Defendants issued a string of proclamations and orders that imposed various restrictions and offered nonbinding guidelines to combat the spread of the virus. Due to the fluidity of the pandemic, and as more information about COVID-19 came to light, the substance of Defendants’ proclamations and orders evolved with the

passage of time. Given the nature of this case and the number of proclamations and orders at issue, it is necessary to discuss the authority under which Defendants acted and to detail the substance of their proclamations and orders.

A. Defendants’ authority to issue proclamations and orders related to COVID- 19

Beginning with Governor Ivey’s authority, the Alabama Emergency Management Act (“AEMA”) vests her with certain powers to respond to emergency situations like the COVID-19 pandemic. See Ala. Code § 31-9-1 et seq. The AEMA defines a state public health emergency as “[a]n occurrence or imminent threat of an illness that . . . [i]s believed to be caused by . . . [t]he appearance of a novel . . . infectious agent” and “[p]oses a high probability of” death or serious disability. § 31-9-3(4)(a)-(b). Amidst a state public health emergency, “the Governor is authorized and empowered . . . [t]o make, amend, and rescind the necessary orders, rules, and regulations to carry out the provisions” of the AEMA. § 31-9-6(1). The

statute also provides that “the Governor shall have and may exercise” emergency powers “[t]o enforce all laws, rules, and regulations relating to emergency management”; “[t]o perform and exercise such other functions, powers and duties

as are necessary to promote and secure the safety and protection of the civilian population”; and “[t]o employ such measures . . . as may be reasonably necessary for the purpose of securing compliance with the provisions of [the AEMA] or with the findings or recommendations of such boards of health by reasons of conditions

arising” from the emergency at hand. § 31-9-8(a)(1), (5), (6). Governor Ivey’s proclamations issued in response to the COVID-19 pandemic squarely fall within the framework of the AEMA.
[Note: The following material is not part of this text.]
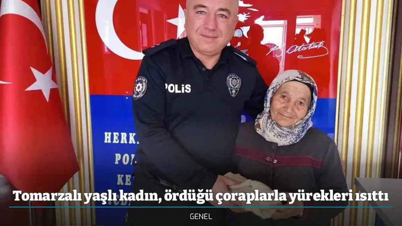 Kayseri'nin Tomarza ilçesinde yaşayan 71 yaşındaki Hanım Altıntaş, soğuk hava şartlarında nöbet tutan polislere elleriyle ördüğü çorapları hediye etti.

For his part, Dr. Harris, as the State Health Officer of Alabama, “shall . . . keep himself informed in regard to all diseases which may be in danger of invading the state and, as far as authorized by law, take prompt measures to prevent such invasions . . . .” Ala. Code § 22-2-8. Dr. Harris also possesses the authority to

“adopt and promulgate rules and regulations providing proper methods and details for administering the health and quarantine laws of the state . . . .” § 22-2-2(6). These “rules and regulations shall have the force of law and shall be executed by the

same courts, bodies, officials, agents, and employees as in the case of health laws . . . .” Id. The authority outlined above demonstrates that Alabama law provides Dr. Harris with the ability to issue orders in response to COVID-19.